The prospective economic evaluation was from both health/social care and societal perspectives linking costs (including SCC inputs) with the GHQ-12 and quality-adjusted life years (QALY) derived from European Quality of Life-5 Dimensions. The primary end point was 6 months, but we also examined findings at 12 months and over the year (full details are provided in the online-only Data Supplement). Unit costs (£, 2010/11 prices) were attached to individual-level resource use quantities (measured retrospectively by self-report) to calculate total costs per participant. Costs are shown in English pounds sterling (£) and can be converted to US dollars using the rate £1=$1.43, based on 2011 purchasing power parities, which equalize the purchasing power of the currencies.32 Discounting was unnecessary for the study time frame. We compared costs and QALY gains using multilevel models with baseline covariates, calculating incremental cost-effectiveness ratios only where 1 intervention showed higher costs and better outcomes. We examined the intervention’s probability of cost-effectiveness by constructing cost-effectiveness acceptability curves (5000 bootstrap replications) for threshold ranges of £0 to £2000 for GHQ-12 point gains and £0 to £50 000 for QALY gains.
The CONSORT diagram is shown in Figure. Thirty-two stroke service clusters were randomized (75% of these involved were team-based rather than individual SCCs); 29 clusters recruited participants (14 control and 15 intervention clusters). Of the 3 services unable to participate, 1 service changed its referral process after randomization; in 1 service, the SCC was absent because of long-term sickness; and in 1 service, we were unable to identify a researcher to undertake recruitment.
Between July 1, 2009 and March 31, 2011, 2488 patients were screened; 800 patients (56.3% [800/1420] of eligible patients) and 208 carers were registered into the trial (399 patients/100 carers in the control group; 401 patients/108 carers in the intervention group). Of these, 66 of 800 (8.2%) were by consultee declaration. The study was completed after receipt of the 12-month assessments of the final patients in May 2012. The baseline characteristics of the patients and carers were balanced across the control and intervention groups other than there were more patients with higher education and fewer with language or cognitive impairments in the control group and a difference in length of inpatient stay which was shorter in the control arm. Language and cognitive impairment were accounted for in the statistical modeling. Patient baseline characteristics are shown in Table 2, and carer baseline characteristics are shown in the online-only Data Supplement.

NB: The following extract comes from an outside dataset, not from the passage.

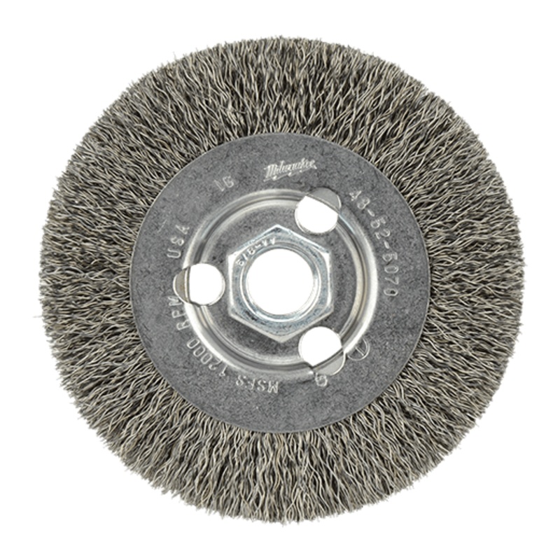 Milwaukee Hyperwire wire brush products offer faster material removal and greater life yet maintain a finer finish. For maximum weld cleaning in confined area, the narrow faced stringer bead wheel provides aggressive action. A tight twist provides the narrow profile with the required stiffness to clean pipe joints in fabrication shops and pipeline maintenance. Stringer bead wheels are available in both carbon and stainless steel. This stringer bead wheel is designed for use on 4-1/2 or 5 in. Milwaukee and competitive grinders with 5/8 – 11 threaded spindles. Made of carbon steel.

Of patients registered to the trial, 314 of 399 (78.7%) patients in the control group and 318 of 401 (79.3%) patients in the intervention group received the SCC service. Reasons for not receiving the service included SCC not receiving a referral; patient declining; patient death or patient not contactable. Response rates for patient reported outcomes at 6 months were 75.2% (300/399) in control and 77.3% (310/401) in intervention and at 12 months, 67.2% (268/399) in the control and 70.1% (281/401) in the intervention group. Response rates for carer reported outcomes are provided in the online-only Data Supplement.

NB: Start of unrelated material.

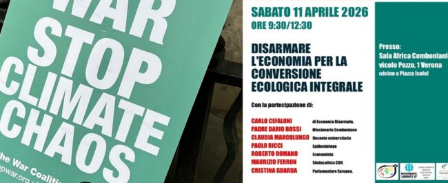 “Disarmare l’economia per la conversione ecologica integrale” è stato il tema al centro di un lungo e partecipato dibattito ospitato a Verona, sulla scia dell’Arena di Pace, nella casa dei Missionari Comboniani presso la Fondazione Nigrizia. Oltre ottanta partecipanti, provenienti da diverse organizzazioni della società civile del Veneto, si sono confrontati su uno scenario globale… Read More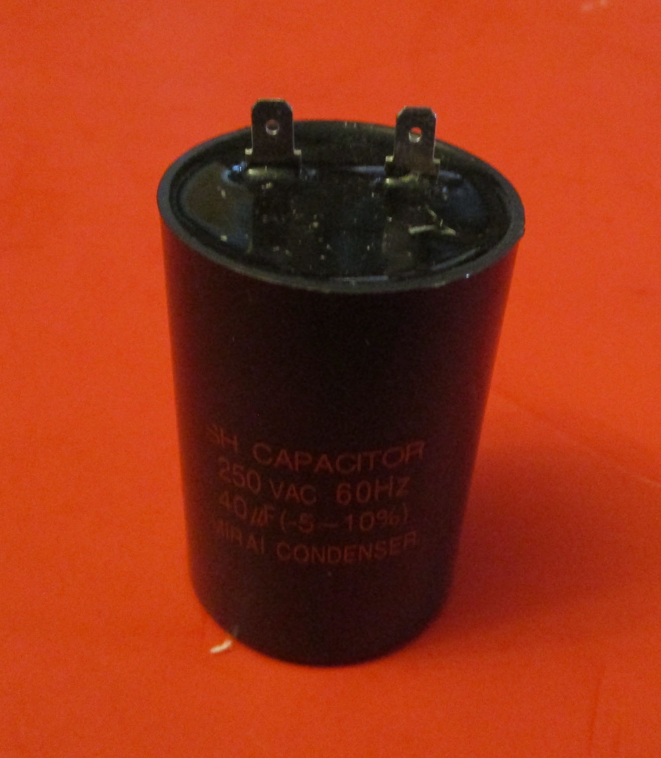 NEW This run capacitor is made of metal and plastic. It measures 2 1/2″ tall with the prongs. The prongs are 1/4″ long. The outer diameter is 1 1/2″. The indicated specifications are:

There was no evidence of a statistically significant difference for the primary end point. The adjusted GHQ-12 mean score at 6 months was 14.9 (SE, 0.6) points for the control group and 15.5 (SE, 0.6) points for the intervention group, with a difference of −0.6 points (95% confidence interval, −1.8 to 0.7), P value of 0.394, and adjusted intracluster correlation coefficients of 0.013 in the control group and 0.025 in the intervention group. Analyses of secondary patient end points also indicated no evidence of statistically significant differences in the Barthel Index, European Quality of Life-5 Dimensions, Frenchay Activities Index at 6 and 12 months, or the GHQ-12 at 12 months (Table 3; unadjusted patient questionnaire scores are provided in the online-only Data Supplement). The number and types of unmet needs reported (Longer-term Unmet Needs after Stroke questionnaire), deaths, hospital readmissions, institutionalization, and treatment on an emergency outpatient basis were similar for both groups (details are provided in the online-only Data Supplement). Between-group comparisons of the adjusted scores for the carer reported GHQ-12 and Carer Burden Scale at 6 and 12 months indicated no evidence of statistical differences for these outcomes (Table 3).

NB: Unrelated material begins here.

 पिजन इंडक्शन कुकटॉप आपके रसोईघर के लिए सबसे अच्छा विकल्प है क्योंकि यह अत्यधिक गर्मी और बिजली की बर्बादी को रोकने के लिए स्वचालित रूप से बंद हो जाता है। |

Results of per-protocol analyses (conducted for all patient and carer end points) and sensitivity analyses (conducted on the primary end point) were consistent with results of the intention to treat analyses with no evidence of statistical differences between treatment groups (Table 4).
SCCs completed care plans within the trial period for 280 of 401 (69.8%) patients in the intervention group and time logs for 207 of 399 (51.9%) patients in the control group. In the intervention group, there were 269 of 280 (96.1%) care plans that met the definition of compliance with on average 15 of 16 (93.8%) of assessment areas asked at first contact. From the care plan and time log records, the median number of SCC patient assessment contacts was 2 (range, 1–6) contacts in the intervention group and 2 (range 1–7) contacts in the control group. No linear trend was observed between percentage of compliant care plans or percentage of completed time logs and adjusted mean primary outcome for intervention and control services respectively (Figures and further information presented in the online-only Data Supplement). Review of the semistructured interviews indicated that no control SCCs used a similar structured assessment tool or had access to an evidenced-based treatment manual.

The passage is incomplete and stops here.